With a little mathematics, we can see that such a duality is a rather general phenomenon. For any relation \(R\subseteq X\times A\), there are functions

between the set \(\mathcal PX\) of subsets of \(X\) and the set \(\mathcal PA\) of subsets of \(A\) defined by [2]

\[\begin{split} \begin{gather*} t(S)=\{a\in A\mid xRa \text{ for all } x\in S\}\\ m(T)=\{x\in X\mid xRa \text{ for all } a\in T\}\\ \end{gather*} \end{split}\]

In the example of satisfiability, we read this as follows:

\(t(S)\) is the largest theory satisfied by all models in \(S\).
\(m(T)\) is the set of all solutions specified by the theory \(T\).

Proof Theory#

Logic studies truth in general rather than what is true in the world. There are two ways of doing this.

Proof theory studies truth-preserving transformations: Assuming that my premises are true, which rules of reasoning guarantee that my conclusions will also be true? In particular, can I be sure to never contradict myself if I follow the rules of logic?

In symbolic notation, one writes

\[ \Gamma\vdash\phi \]

to indicate that (in a given logical calculus) one can derive \(\phi\) from the assumptions in \(\Gamma\).

All of the software tools we will look at in this book can be understood as implementing reasoning in a particular calculus. In the next chapter, we will briefly look at Natural Deduction and at Tableaux.

Model Theory#

In model theory one studies truth in all possible models. Roughly speaking, a model \(M\) is a mathematical structure that contains enough information in order to define when a formula \(\phi\) in a given logic evaluates to true. As we have seen above this is written as \(M\models\phi\). Now one can define semantic entailment as

\[ \Gamma\models\phi \]

if all models that satisfy the assumptions in \(\Gamma\) also satisfy the conclusion \(\phi\), or, in symbolic notation, \(M\models\phi\) if \(M\models\psi\) for all \(\psi\in\Gamma\).

Many of the tools in this book can be understood from a model theoretic point of view (for example: SAT-solvers, SMT-solvers, Prolog, model checkers).
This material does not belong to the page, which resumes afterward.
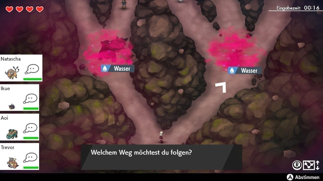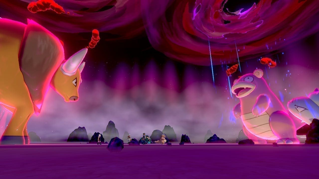 Gleich in den ersten Zügen des bereits erwähnten Abenteuers führt uns das Spiel dabei zu einem der größten neuen Features: dem Dynamax-Abenteuer. Dieses erweist sich als Koop-Labyrinth, was alleine, oder gemeinsam mit bis zu vier Spielern bestritten werden kann. Gekämpft wird hier jedoch nicht mit den eigenen Pokémon. Diese könnten im Labyrinth aufgrund der dort vorherrschenden, intensiven Galar-Partikel nicht kämpfen. So wählt jeder Spieler vor Beginn eines Dynamax-Abenteuers eines der ihm zufällig angebotenen Pokémon aus.

Soundness and Completeness#

A hallmark of logic are its completeness theorems. For any logic, we would typically like to have a soundness and completeness theorem. While the details can be difficult, we can state soundness and completeness simply as

\[ \Gamma\vdash\phi\ \Leftrightarrow \ \Gamma\models\phi \]

In other words, a statement is true in all models if and only if it is derivable.

Incompleteness#

Gödel’s incompleteness theorem (Gödel, 1931) states that there cannot be a proof system that derives all statements in the language of arithmetic that are true in the model of natural numbers.

This is a profound result that has ramifications in mathematics, philosophy and, of course, software engineering. A popular introduction is (Hofstadter, 1979).

References#

Stanford Encyclopedia of Philosophy (2024) Aristotle’s Logic
Boole (1847) The Mathematical Analysis of Logic
Gödel (1931) Über formal unentscheidbare Sätze der Principia Mathematica und verwandter Systeme I
Hofstadter (1979) Gödel, Escher, Bach: An Eternal Golden Braid

[1]

This clearly is true for symbolic AI (aka GOFAI). But it is also true for connectionist, neural, statistical-probabilistic-stochastic, subsymbolic AI because the Boolean circuits implemented in our silicon-based hardware are symbolic AI. In a slogan: Neural AI is compiled to symbolic AI.

Btw, there does not seem to be an established meaning differentiating between statistical, stochastic and probabilistic. Here is Claude-Opus-4 on the topic (edited):

The terms statistical, stochastic and probabilistic overlap significantly but have slightly different uses:

Statistical. Focuses on analyzing and learning from data. Emphasizes patterns, distributions, and inference from samples.
Stochastic. Emphasizes randomness in the process itself. The system’s behavior involves random variables or random transitions. “Stochastic gradient descent” uses random samples to update weights. Use when: the algorithm or process has inherent randomness
Probabilistic. Focuses on reasoning about uncertainty. Models beliefs, likelihood, and uncertainty explicitly using probability theory. Use when: uncertainty quantification is central to the approach

Many AI methods are all three: neural networks learn statistical patterns from data, use stochastic optimization, and can output probabilistic predictions.